台湾経済は輸出依存度がきわめて高いが、11 月の輸出は 221 億ドルと
前年比 16.9%減となり、10 カ月連続のマイナスを記録した。メディア
の一部は、輸出低迷の原因は主要輸出先の中国経済の減速よりも中国
の競争力向上にあると指摘している。
韓国で反政府デモが頻発している。背景に国定教科書策定や労働法改正、反テロ法制定、ジャーナリスト、学
者への弾圧的姿勢などが挙げられている。朴槿惠大統領には、かつて独裁者であった朴正煕元大統領の娘とい
うイメージが国民の間に高まっているが、北朝鮮の脅威を抱える韓国の民主主義には限界があるとの指摘もあ
る。
北朝鮮の漁船が遭難し日本に漂着する例が急増している。原因は金第一書記が食料増産と外貨獲得の手段とし
て漁業に増産を強制し、インセンティブ制度も導入しているのが一因とみられている。
東南アジアからは、ベトナムで住宅ローンが急拡大し住宅販売が今年に入り倍増した。背景として人口の 60%が
35 才以下というベトナムの人口構成と、都市部に移住する若者の増加、経済の成長発展に伴い誕生した若い中
間層の需要の後押しが指摘されている。住宅ローンの盛行は経済の成長発展を物語っている。

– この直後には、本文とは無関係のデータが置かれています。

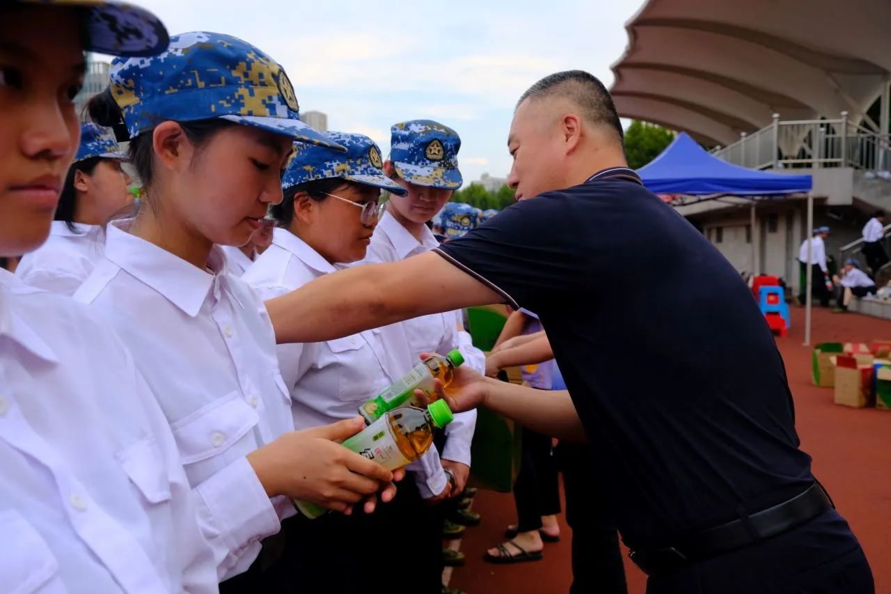 晋书记代表学院为同学们送上学院为大家准备的饮料。天气炎热,希望能为同学们带来一点清凉。晋书记聊起自己当年的军训时光,军训虽苦,但却是同学们迈入大学的第一课。他鼓励同学们要迎难而上,希望此次军训能为同学们的大学生活打下良好的基础。希望大家在军事训练中取得自己最得意的成绩!

インド経済は、目下きわめて好調に推移しているが、それは表面のことで様々な問題が隠されているとメディ
アが指摘する。具体的には、改革の遅れ、医療や識字率、女性の地位の低さが挙げられ、これらの問題は毎年
労働市場に参入してくる若者達へ雇用を提供する上で懸念材料になると警告する。